Nothing but the lines below from the one containing "不過,自從國片復興之後,台灣" through the one containing "The day started" should appear in the answer, exact and without pictures.

◆ Task material
══════════
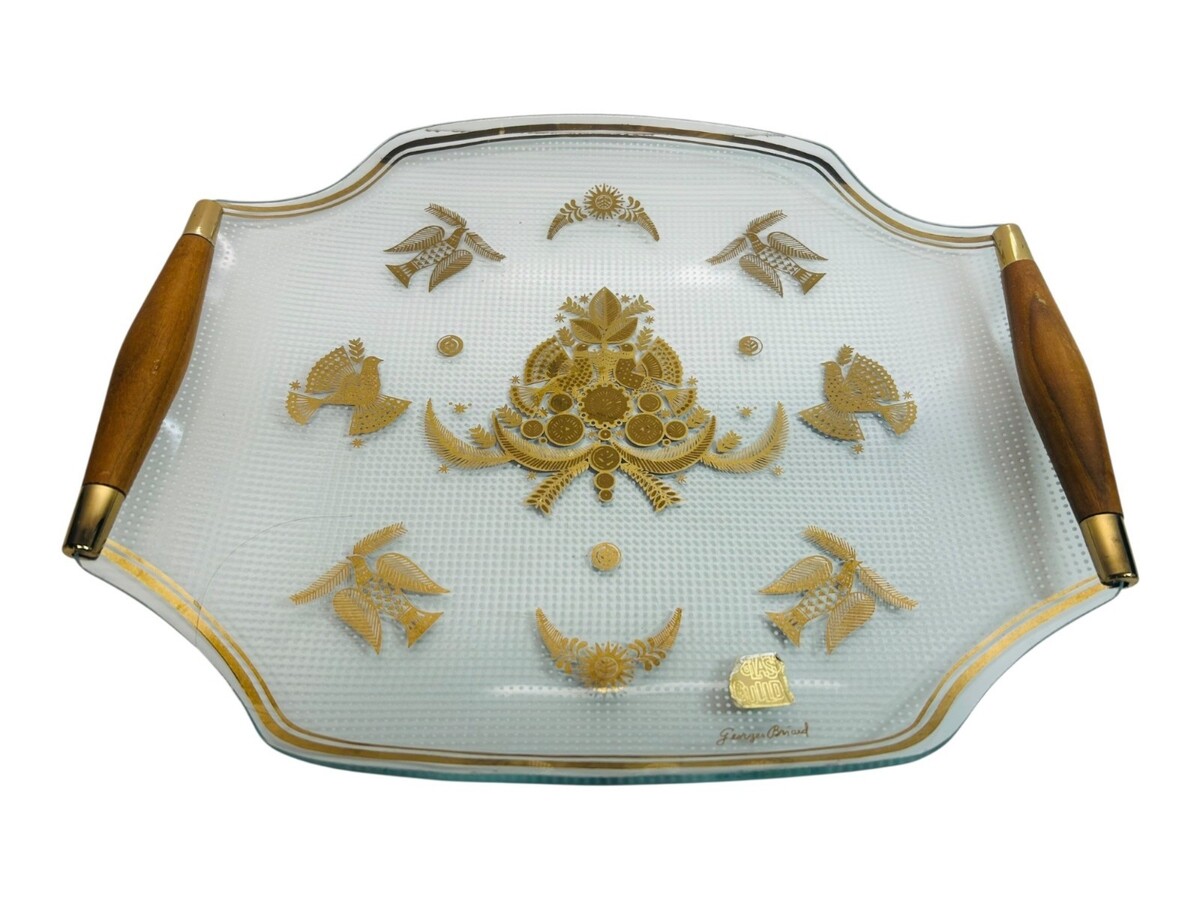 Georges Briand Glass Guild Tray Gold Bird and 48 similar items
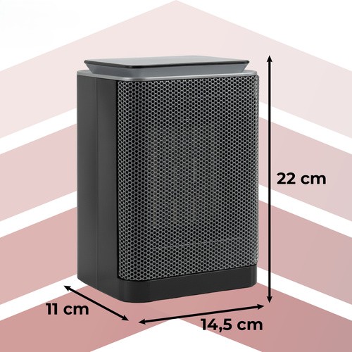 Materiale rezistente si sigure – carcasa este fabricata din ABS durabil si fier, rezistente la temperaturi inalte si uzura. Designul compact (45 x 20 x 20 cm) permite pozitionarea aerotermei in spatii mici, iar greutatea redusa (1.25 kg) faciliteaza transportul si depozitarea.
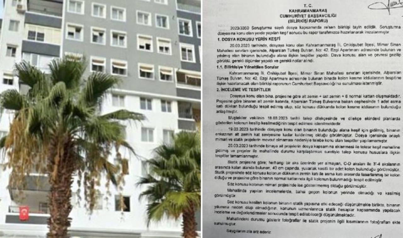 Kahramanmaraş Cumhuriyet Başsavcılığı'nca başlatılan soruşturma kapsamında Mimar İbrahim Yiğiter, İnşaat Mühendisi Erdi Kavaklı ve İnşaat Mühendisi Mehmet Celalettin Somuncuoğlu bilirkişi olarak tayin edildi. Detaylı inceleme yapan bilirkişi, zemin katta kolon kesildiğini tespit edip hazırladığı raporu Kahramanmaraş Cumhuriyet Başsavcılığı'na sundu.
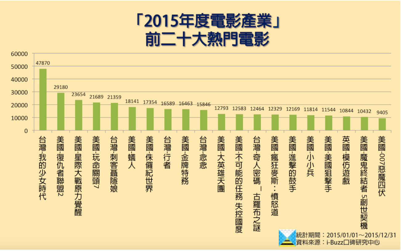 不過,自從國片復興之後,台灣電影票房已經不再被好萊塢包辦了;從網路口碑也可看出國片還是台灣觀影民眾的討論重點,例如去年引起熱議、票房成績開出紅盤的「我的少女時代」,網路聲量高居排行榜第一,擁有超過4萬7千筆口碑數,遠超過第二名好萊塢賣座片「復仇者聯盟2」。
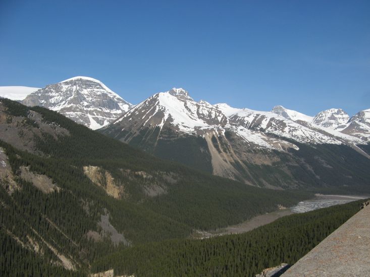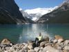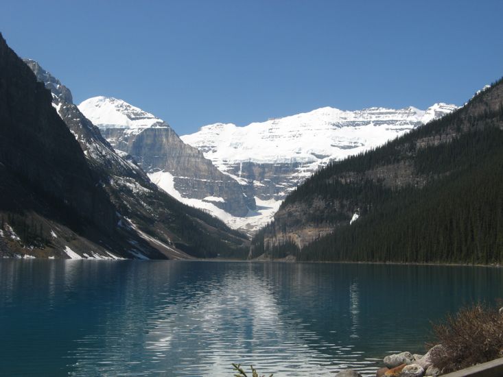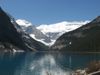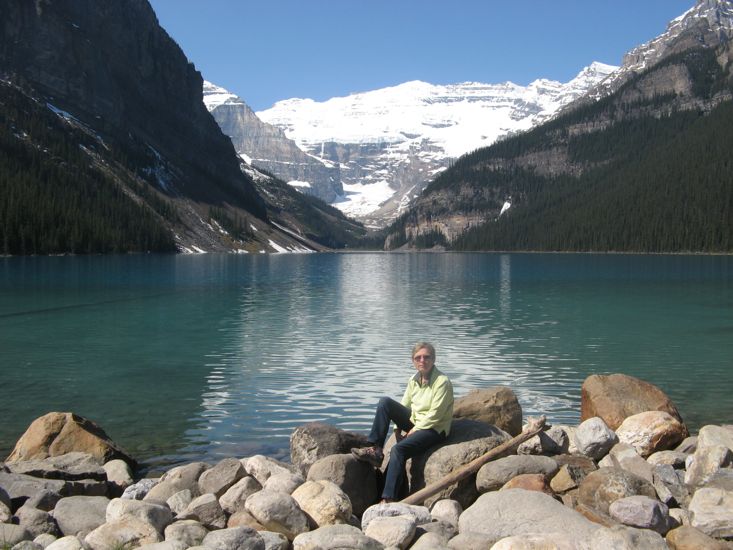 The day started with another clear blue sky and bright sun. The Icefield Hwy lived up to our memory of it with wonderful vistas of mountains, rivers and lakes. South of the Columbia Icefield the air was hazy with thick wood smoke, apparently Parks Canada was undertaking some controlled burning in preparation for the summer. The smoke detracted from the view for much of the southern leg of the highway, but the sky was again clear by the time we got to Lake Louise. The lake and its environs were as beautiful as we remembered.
══════════
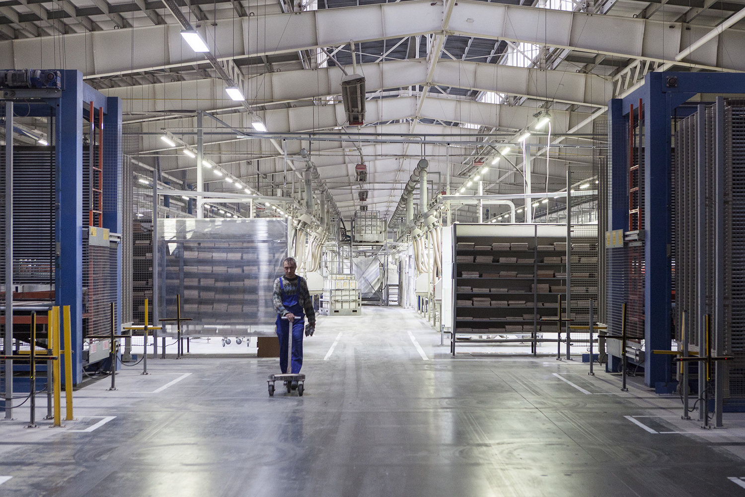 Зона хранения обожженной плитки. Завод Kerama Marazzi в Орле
══════════
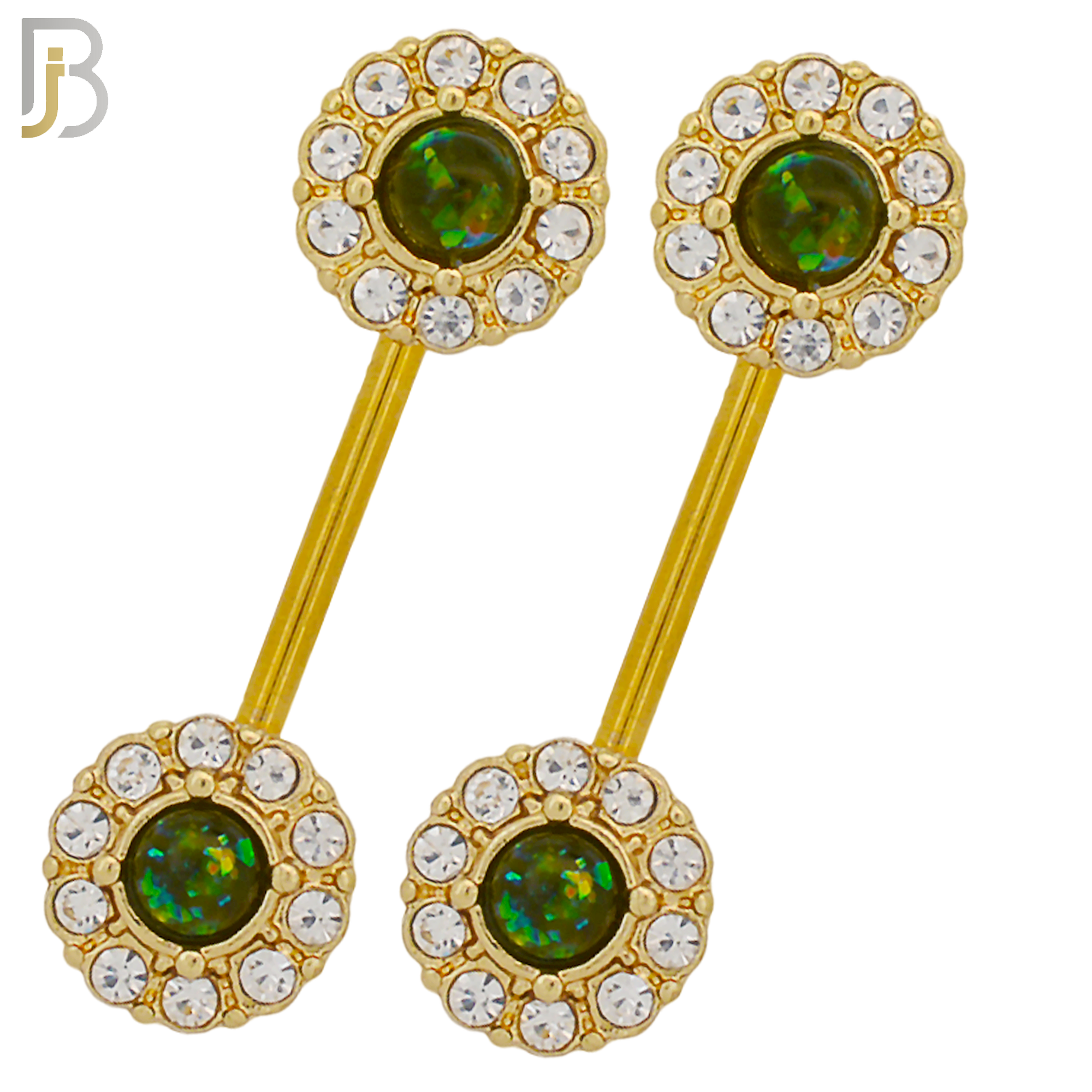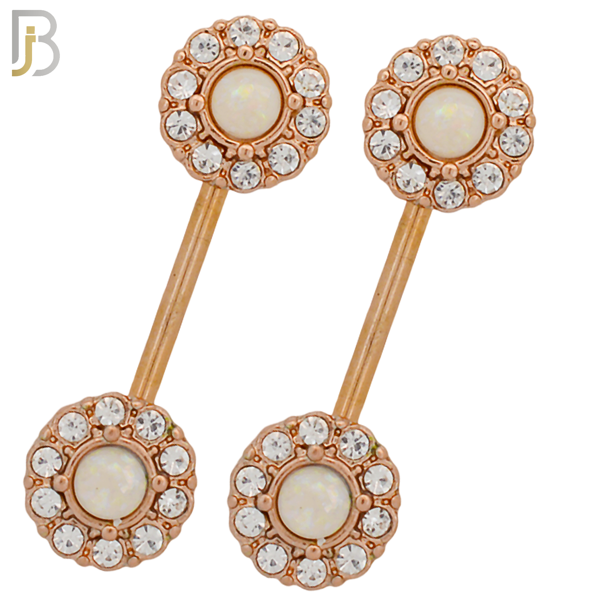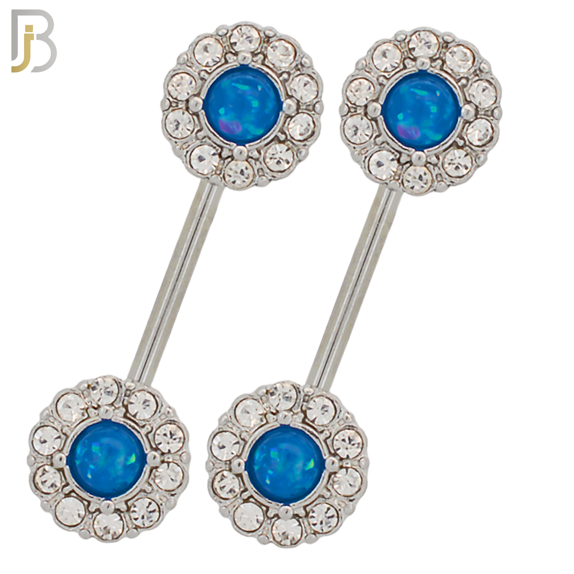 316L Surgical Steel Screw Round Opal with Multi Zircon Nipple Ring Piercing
══════════
◆ Exercise answer
 不過,自從國片復興之後,台灣電影票房已經不再被好萊塢包辦了;從網路口碑也可看出國片還是台灣觀影民眾的討論重點,例如去年引起熱議、票房成績開出紅盤的「我的少女時代」,網路聲量高居排行榜第一,擁有超過4萬7千筆口碑數,遠超過第二名好萊塢賣座片「復仇者聯盟2」。
 The day started with another clear blue sky and bright sun. The Icefield Hwy lived up to our memory of it with wonderful vistas of mountains, rivers and lakes. South of the Columbia Icefield the air was hazy with thick wood smoke, apparently Parks Canada was undertaking some controlled burning in preparation for the summer. The smoke detracted from the view for much of the southern leg of the highway, but the sky was again clear by the time we got to Lake Louise. The lake and its environs were as beautiful as we remembered.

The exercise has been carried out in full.